A rischio la salute con miscelazioni pericolose e non controllate
Trafficanti di olio che mettono a rischio la sopravvivenza delle aziende italiane e ingannano i cittadini, facendo crollare i prezzi dell’olio extravergine di oliva, ormai quasi dimezzati rispetto all’anno scorso. È contro questo fenomeno che oggi migliaia di agricoltori di Coldiretti e Unaprol sono scesi in piazza a Bari. I prezzi pagati agli olivicoltori, in particolare, sono vicini alla soglia dei cinque euro al litro, rispetto ai circa nove corrisposti nel 2025.
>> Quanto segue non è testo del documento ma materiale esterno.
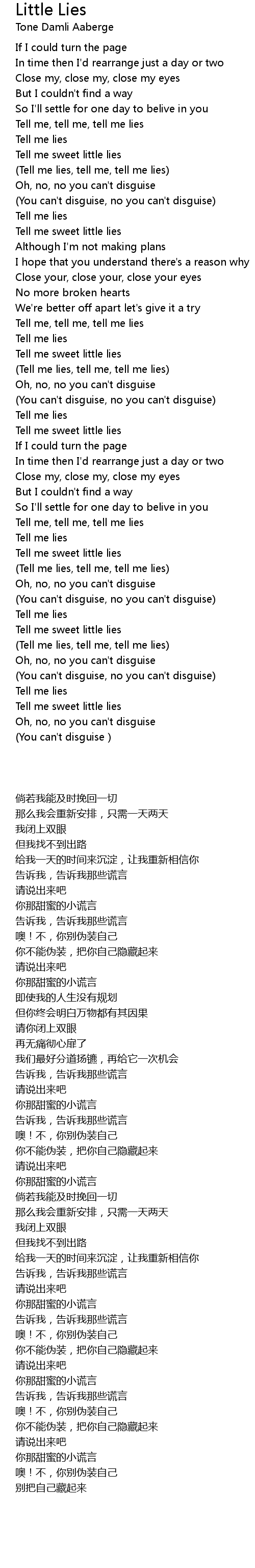 | [02:50.000] | Tell me lies |

“L’olio extravergine di oliva è un pilastro della dieta mediterranea – spiega Nicola Di Noia, responsabile nazionale Olio Coldiretti – ma dobbiamo fare attenzione quando lo acquistiamo, distinguendo quello buono da quello cattivo. Spesso si usano additivi chimici come la clorofilla per adulterare il colore, che però non è un elemento di qualità. Poi ci sono meccanismi per ripulire chimicamente olii di bassa qualità trasformandoli in extravergine di oliva, o mix di prodotti di diversa provenienza con l’obiettivo di abbassare il prezzo. Bisogna cercare il cento per cento italiano, preferibilmente Dop e Igp”.
Alla mobilitazione a Bari, che segue di qualche giorno la protesta sotto le prefetture in tutta Italia, hanno preso parte fra gli altri il vicepresidente nazionale di Coldiretti e presidente di Unaprol, David Granieri, assieme al presidente di Coldiretti Puglia, Alfonso Cavallo, e al direttore Pietro Piccioni.
Per l’occasione è stato allestito un grande ‘tavolo degli inganni’ per far vedere ai cittadini come i trafficanti di olio mettono a rischio la loro salute con miscelazioni pericolose e non controllate.